If `aws_regions` is omitted, Cloud Harvester discovers and scans all enabled AWS
regions. You can also set `CLOUD_HARVESTER_AWS_REGIONS` to a comma-separated
list.

Collectors run concurrently by default. To tune API pressure, pass
`max_workers` or set `CLOUD_HARVESTER_MAX_WORKERS`:

```python
resources = collect(
    providers=["aws"],
    aws_session=aws_session,
    max_workers=8,
)
```

### Development

Run the checks with:

```bash
make fix
make test
```

### Logging

Cloud Harvester uses Python's standard `logging` module.
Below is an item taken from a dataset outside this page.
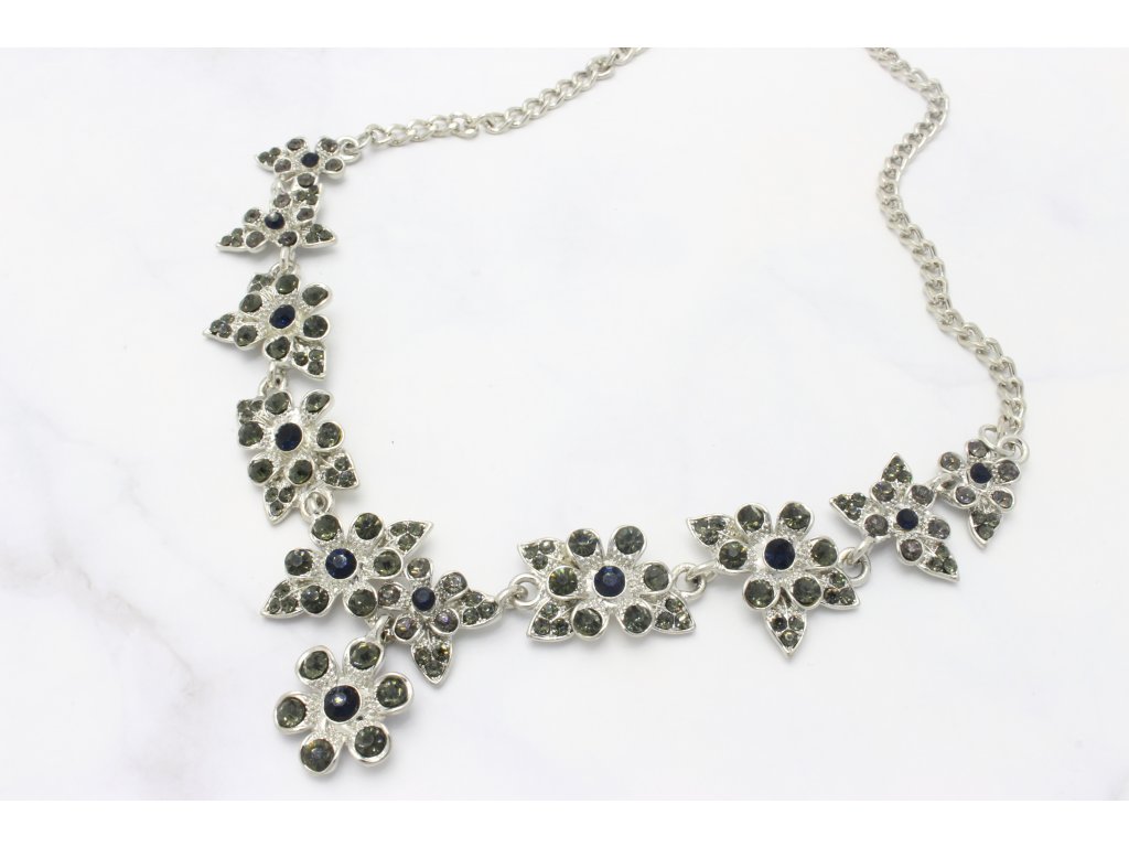 Nádherný retiazkový náhrdelník vykladaný kamienkami v striebornom prevedení v dvoch farebných prevedeniach : sivo fialovej alebo sivo tmavomodré. Náhrdelník môžete zapnúť kdekoľvek na retiazke a tak podľa potreby nastaviť dĺžku náhrdelníka. Náhrdelník je ideálny na spoločenské udalosti : svadby, plesy, párty, stužkové . . .

Enable INFO logs to see
provider progress, AWS region discovery, per-region collector progress, collector
result counts, and collector failures:

```python
import logging

logging.basicConfig(level=logging.INFO)
```

### Credentials

- **AWS**: In the AWS console, create or reuse an IAM role/user with read permissions. Minimum managed policies to attach:
  - `ReadOnlyAccess`
  - `AmazonEC2ReadOnlyAccess`
  - `AmazonEKSMCPReadOnlyAccess`
  Generate access keys, then either:
  - Export `AWS_ACCESS_KEY_ID`, `AWS_SECRET_ACCESS_KEY`, and `AWS_SESSION_TOKEN` (if temporary credentials), or
  - Store them in an `AWS_PROFILE` and point `AWS_PROFILE`/`CLOUD_HARVESTER_AWS_PROFILE` at it.
  Optionally set `CLOUD_HARVESTER_AWS_REGIONS` to limit collection to specific
  regions. If it is omitted, Cloud Harvester discovers and scans all enabled
  account regions.

- **Azure**: Create an App Registration (service principal) in Microsoft Entra ID and assign it the required RBAC roles on your subscription (Reader, Security Reader, Key Vault Reader). Capture:
  - `tenant_id`, `client_id`, `client_secret` from the service principal
  - `subscription_id` for the target subscription
  If Azure AD collectors are needed, add Microsoft Graph app permissions (e.g., `Directory.Read.All`) and have an admin grant consent.  
  Either set `AZURE_SUBSCRIPTION_ID` / `AZURE_TENANT_ID` (or `CLOUD_HARVESTER_*`) or pass a `ClientSecretCredential` created from these values.